The law minister is not speaking the truth, said exiled BNP leader AKM Wahiduzzaman.

“The team of the doctors said, Begum Khaleda Zia urgently needs to undergo a medical procedure in an advanced liver care facility abroad. Does she have the freedom to go out of Bangladesh for medical treatment? No, she is not allowed to travel abroad. She is out of jail. But, she is not free, actually,” Wahiduzzaman, a former university teacher in Bangladesh, who fled to Malaysia in 2016,

According to her personal physician, Zia is diabetic and suffers from kidney, heart, liver and other ailments. She has recovered from COVID-19, which she was diagnosed with five months ago. Her health recently worsened, and she was admitted to the critical care unit of a private hospital in Dhaka in mid-November.
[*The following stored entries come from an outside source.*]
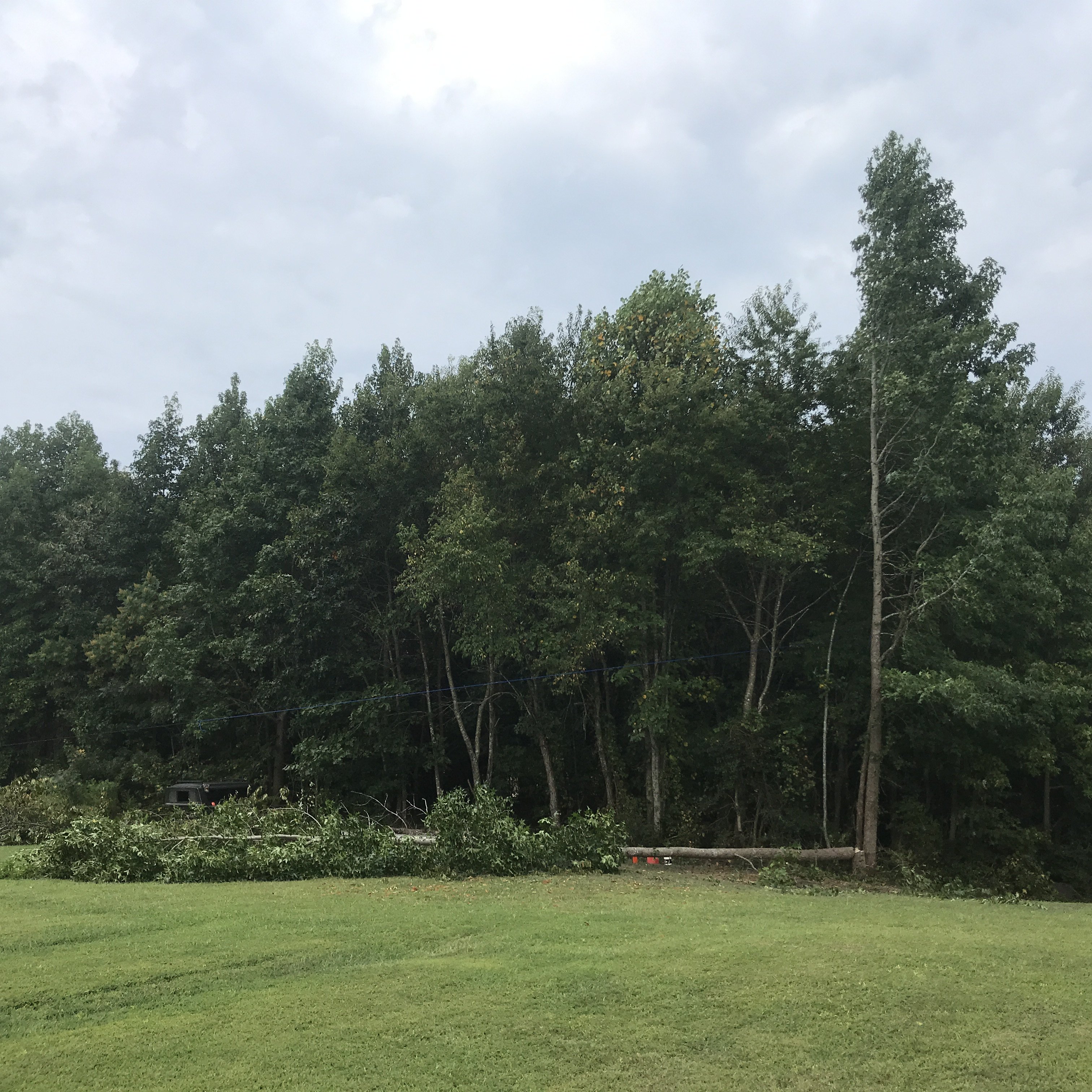 Second half not so much. Now all of these I have had a rope tied too using my truck to keep tension to go the way I want them to go. This one started going the right way as it should have landed on top of the other one. But then it started to twist and went the wrong way. Let’s just say I stepped it off and the tree was 56’ tall and my power pole is 58’ from the base of the tree. Got lucky there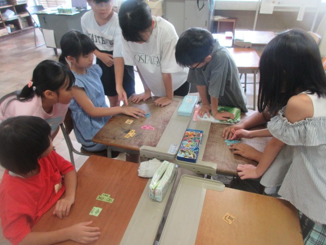 漢字パズルを通して、漢字には左右や上下等、部分部分に分かれているものが多いことや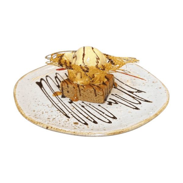 Caramel blondie with butter scotch crunch & and served with vanilla gelato & hot satted caramel sauce

After examining Zia last week, a medical board of five doctors said at a media briefing that she had advanced-stage cirrhosis of the liver.

“If she does not undergo TIPS right now, she is likely to suffer internal bleeding again soon,” Dr. Fakhruddin Mohammad Siddiqui, chief of the board, said November 28. He was referring to a medical procedure called transjugular intrahepatic portosystemic shunt, which helps to stop bleeding from a cirrhotic liver.

Dr. Mohammad Samsul Arfin, another member of the board, said TIPS is a highly sophisticated medical procedure that is not available in Bangladesh, He said it is done in a few advanced medical centers, which are located in the U.K., United States and Germany.

Hasina has so far rejected pleas from Zia’s family and the BNP to let the former prime minister go abroad for treatment.

She has done “quite much” to help ill Zia, Hasina said.

“I have allowed her to go out of jail, stay at home and receive medical treatment. Is this already not quite much?” Hasina asked.

Hong Kong-based rights activist Mohammad Ashrafuzzaman said the justice mechanism of Bangladesh has been subjugated and has turned into an oppressing tool in the hands of the government.

“The systemic denial of access to justice for the hundreds of enforced disappearances and few thousand extrajudicial killings clearly indicate that the entire criminal justice system serves the purpose of the incumbent regime,” Ashrafuzzaman, liaison officer of the Asian Legal Resource Center, told VOA.

Dhaka-based human rights group Odhikar says that in the past 12 years, close to 600 dissidents have disappeared and remain untraced in Bangladesh. The group also said around 3,500 extrajudicial killings have occurred.